Two white bowls of potato leek soup made in the Instant Pot pressure cooker or slow cooker. This vegan potato soup is topped with roasted chickpeas and thyme.

It’s funny, every time May rolls around I expect it to feel like summer. I think many of you who don’t live on the California coast would agree. The reality though, is that May and June are some of Santa Barbara’s gloomiest months. We have “May Grey”, “June Gloom”, and even “August Fog-ust”. So while I’d love to move on from soups, when I’m deciding what to make for dinner each morning, a cozy pot of soup often comes to mind.

I love using leeks, and had a big bag of potatoes that needed to be used up before they started sprouting eyes, so this easy potato leek soup came naturally. This is a typical potato leek soup recipe, but I made it easier than ever by cooking it in the Instant Pot pressure cooker. If you don’t have an Instant Pot you can make this the same way in your slow cooker. Potato leek soup is creamy and delicious. It’s inexpensive and required just a few ingredients. You can puree this soup (like in the pictures) or leave it chunky (like in the video). I tested this Instant Pot Potato Leek Soup both ways, and chunky is definitely my preference. There are some tips and tricks you need to know, so let’s check out how to make potato leek soup.

Instant Pot Potato Soup ingredients include garlic, leeks, thyme, vegetable broth and a bay leaf.

I got all my ingredients at Trader Joe’s this time. They have a package of 2 trimmed leeks. If you get them at the farmers market without packaging, that’s even better. Leeks are alliums, related to onions. They have a mild flavor that’s great in soups. Leeks have flat leaves that are tightly overlapped. Dirt often gets trapped between the leaves so it’s a good idea to wash them well. This recipe uses more potatoes than leeks, but you could certainly use more leeks. Julia Child’s famous potato leek soup recipe used 3 cups of leeks to 3 cups of potatoes.

Potatoes and leeks peeled and prepped for Instant pot potato leek soup.

I like to use both the green and white parts of the leeks, which get sauteed in a little splash of olive oil and minced garlic. I love the saute mode feature on the Instant Pot. Some slow cookers have this function too. Does yours? Mine is an older model and does not. I use gold potatoes for this recipe.
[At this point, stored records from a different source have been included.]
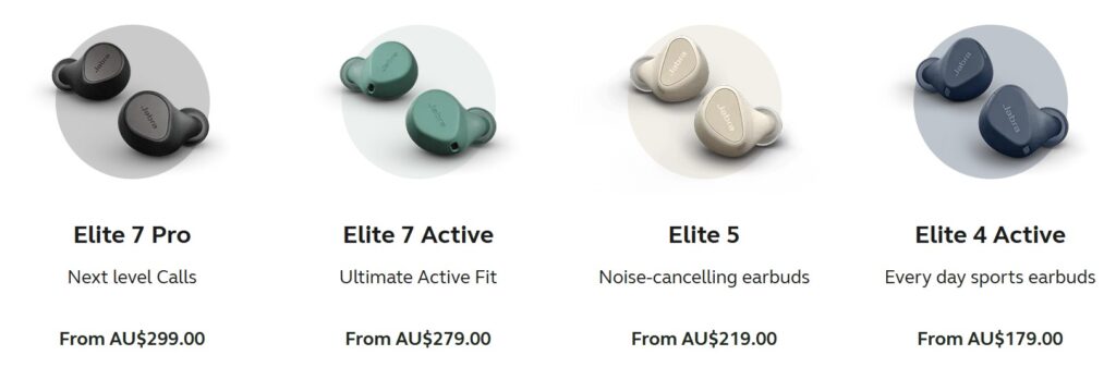 The Jabra Elite 5 is the middle child – under the Elite 7 Pro/Active and above the Elite 4 Active and Elite 3. At $219, they offer very good value and performance and some reasons to choose them over the Elite 7 Pro.
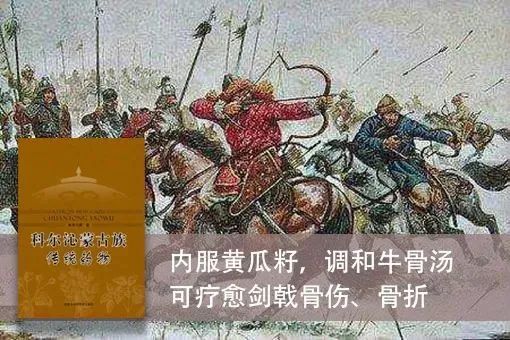 在蒙古族验方中,针对士兵在战争中形成的跌打损伤、骨折,随军大夫经常以内服黄瓜籽、羊(牛)骨汤,外敷草药以达到治疗目的。
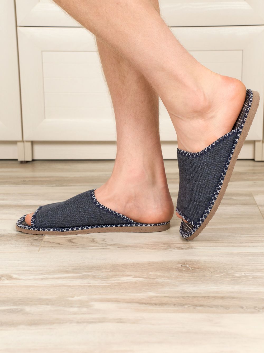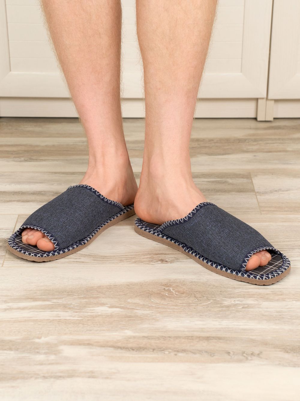 Тапочки мужские арт.117 рогожка - син рогож клет сер бел
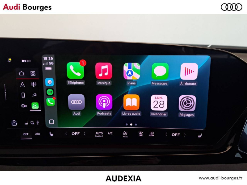 Pack Tech – Caméra de recul – Régulateur de vitesse adaptatif – Park assist plus – Système d'aide au stationnement plus – Projecteurs à LED plus – Assistant feux de route – Bloc de feux AR à LED pro – Climatisation automatique 3 zones – Rétroviseur intérieur à réglage jour/nuit automatique – Rétroviseurs ext. réglables – Projection de logo sur le sol depuis les rétroviseurs extérieurs – Audi sound system – Audi Application Store et smartphone interface
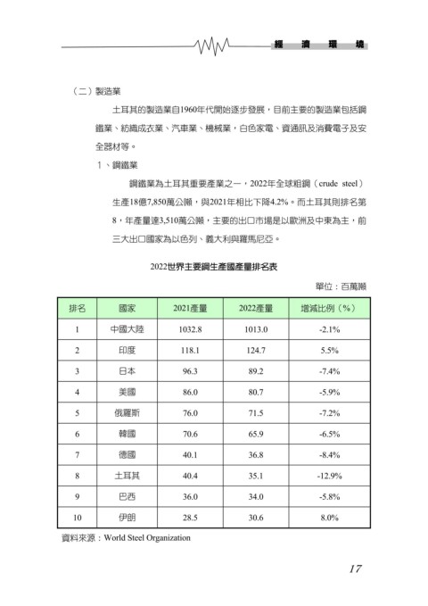 鋼鐵業為土耳其重要產業之一,2022年全球粗鋼(crude steel)
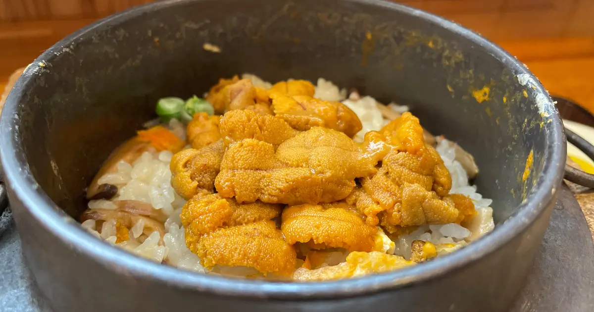 こちらのお店の看板には、大きな釜飯茶碗と共に「元祖うに釜飯」と書かれていてたので、まずは「うに釜飯」を頼むことに!
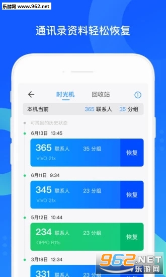 误删找回:通过回收站或时光机,随时找回误删的联系人
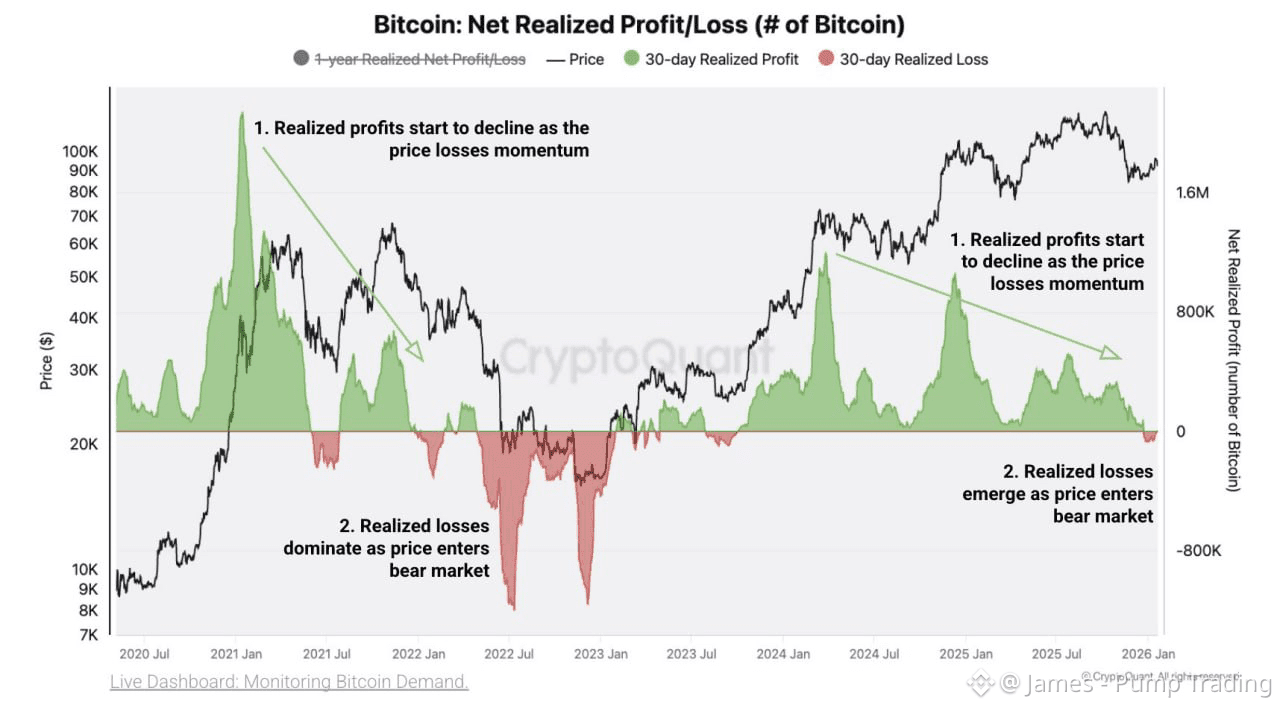 Net Realized Profit and Loss is showing a clear shift. Bitcoin investors are beginning to sell at a loss.
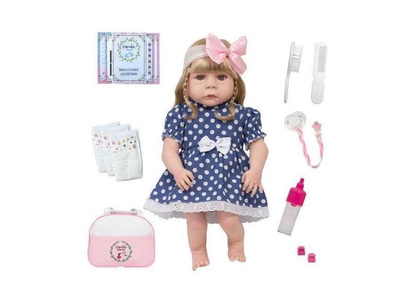 Bebe Boneca Reborn Abigail Loira Vestido Bolinha Completa - Cegonha Re
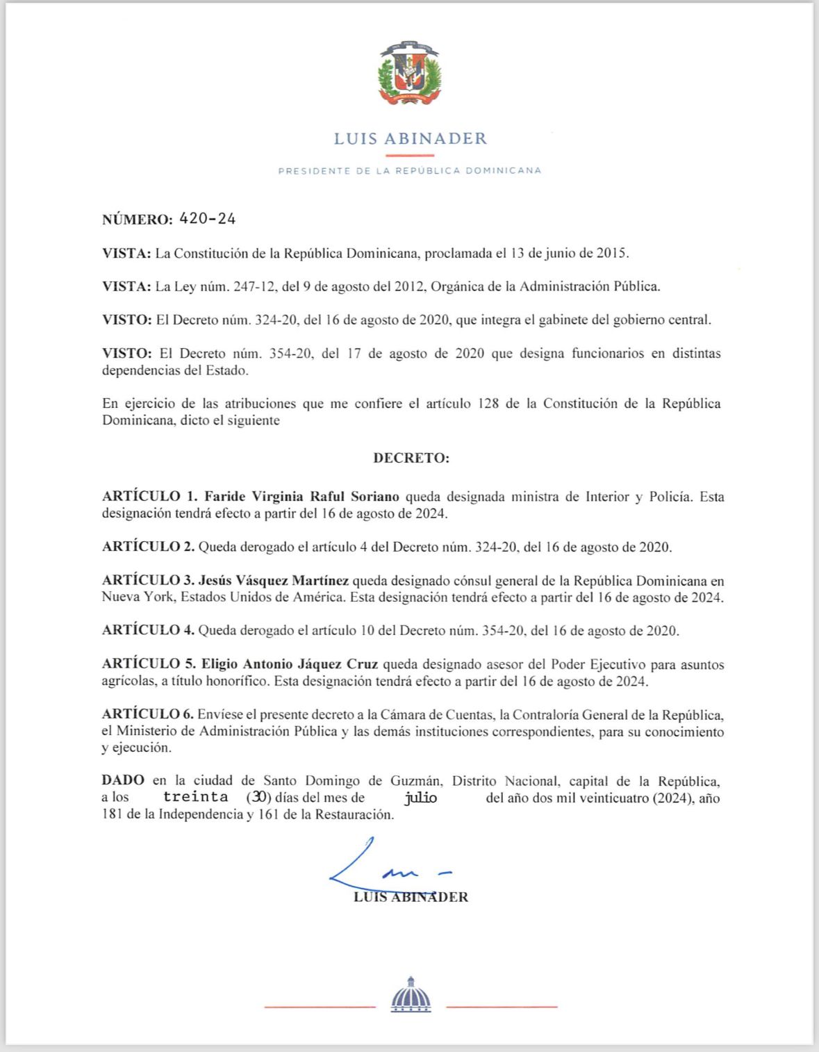 SANTO DOMINGO -.– Santo Domingo. - El presidente de la República, Luis Abinader, designó a Jesús (Chu) Vásquez como cónsul general de la República Dominicana en Nueva York, mediante el decreto 420-24.
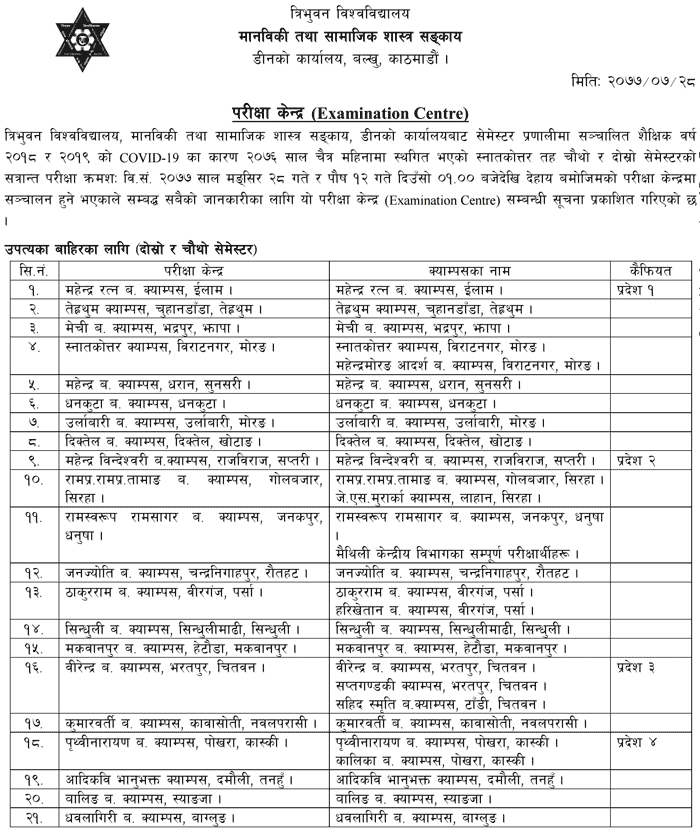 Examination Center The examination of Tribhuvan University, Faculty of Humanities and Social Sciences, Dean’s Office in the semester system has been postponed due to COVID-19 of the academic year 2018 and 2019. Information regarding this examination center has been published for information.
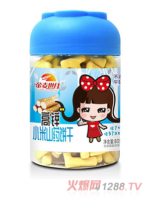 金麥?zhǔn)兰研∶罪灨上盗泄菜目顔纹罚謩e是益生元小米南瓜、高鋅小米山藥、高鈣小米紅棗、多維小米草莓,精選優(yōu)質(zhì)小米、山藥、紅棗、南瓜等優(yōu)質(zhì)五谷和果蔬食材為原料,精心烘焙而成,酥香可口。不添加牛奶、雞蛋、小麥,不添加香精、色素、防腐劑,讓孩子吃的每一口都健康安全。
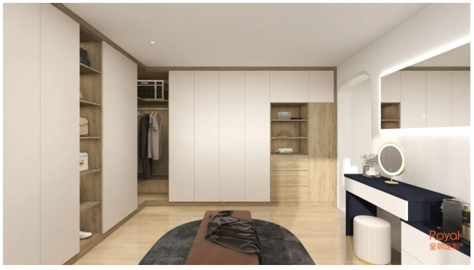 阳光穿过缝隙倾泻而入,大大的衣帽间里收纳了自己的一年四季,虚实结合的空间布局,正好是生活的开启。
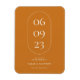 This unique and minimalist wedding save the date magnet card features modern typography in white on a golden orange ochre background with an oval frame for your wedding date. Personalize it with your own wedding information.
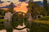 Uitzicht op de Rakotzbrücke-brug in het Kromlauer Park in Saksen
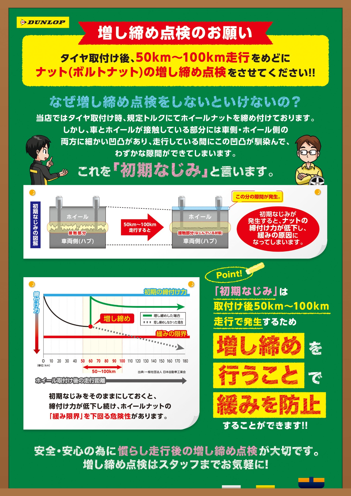 タイヤ交換後の増し締めは必ず行うようにお願いします。
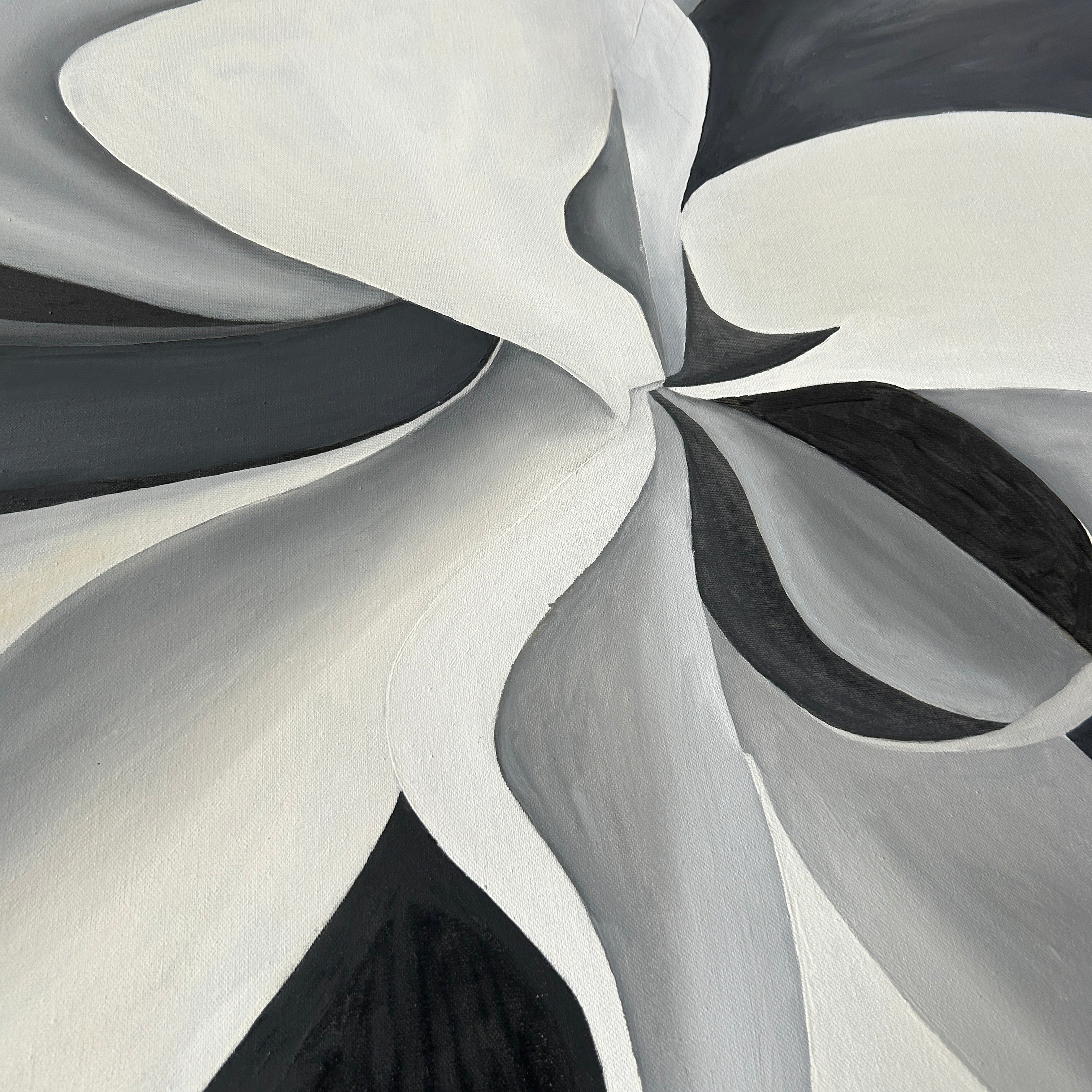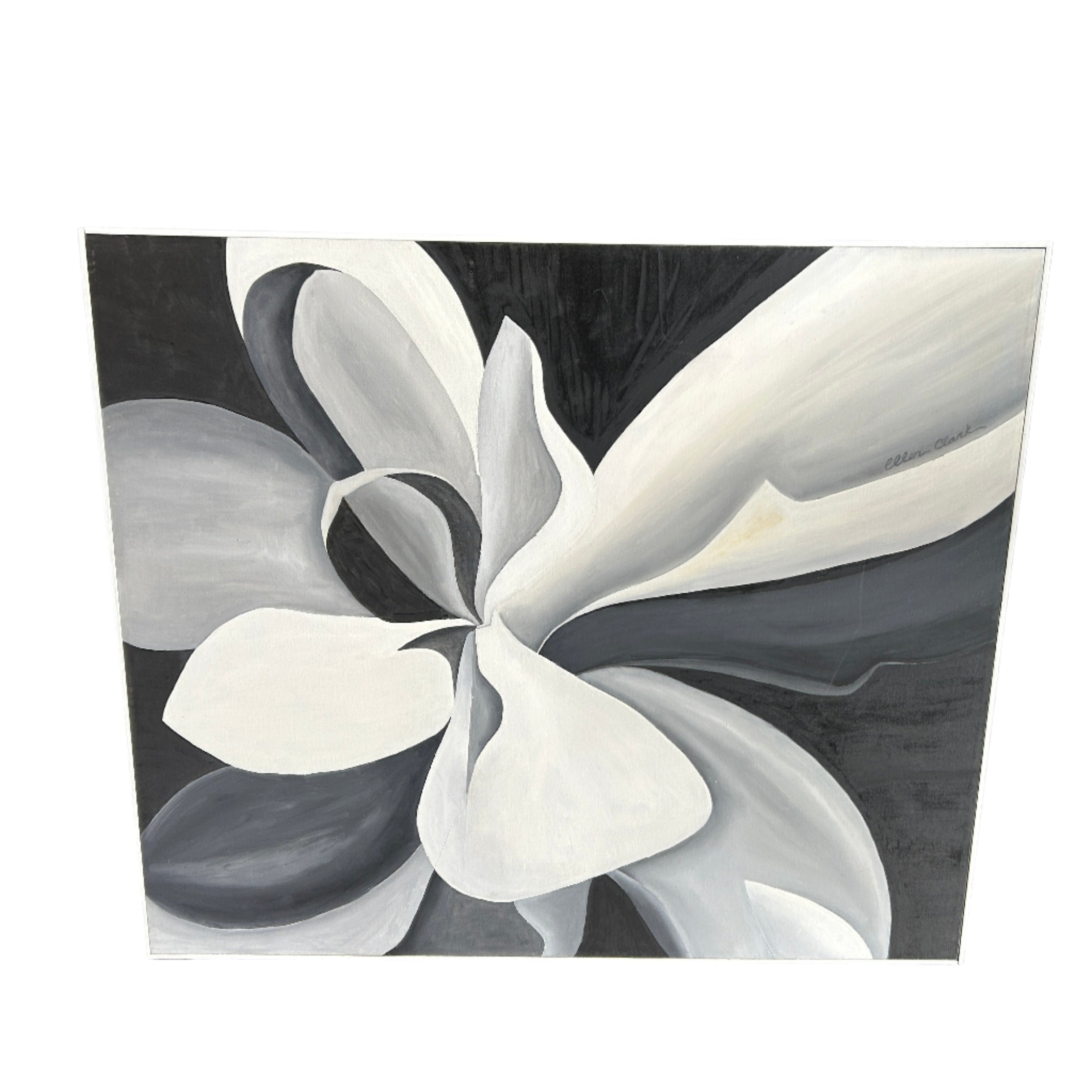 Bold and sophisticated, this original floral painting by Ellen Clark makes a striking statement in monochrome. Flowing abstract petals swirl gracefully across the canvas in shades of black, white, and gray, blending elegance with modern design. At 42.5 inches wide, this large-scale artwork brings dramatic contrast and a sense of movement to any contemporary space. A stunning focal point for living rooms, offices, or minimalist interiors

Potatoes, leeks, herbs, and vegetable broth in an Instant Pot pressure cooker for potato leek soup.

Once the leeks have softened a bit and the garlic is fragrant, add the potatoes, vegetable broth, and herbs. I have used the classic thyme and bay leaf combination here, but you could add a sprig of rosemary if you like. Instant Pot potato soup is so easy.

An Instant Pot Pressure Cooker on a white counter.

Set the Instant Pot to manual mode for 5 minutes with the valve set to sealing. Though the cook time is 5 minutes, that’s a bit deceiving as it takes about 15 minutes for the pot to come up to pressure before the cook time begins. If you’re using a slow cooker, set it to low for 8 hours.

Instant Pot potato soup ready to get pureed.

Quick release the pressure with your hand covered so it doesn’t get burned. The potatoes should be nice and tender.

Smooth and creamy potato leek soup after pureeing in an Instant Pot.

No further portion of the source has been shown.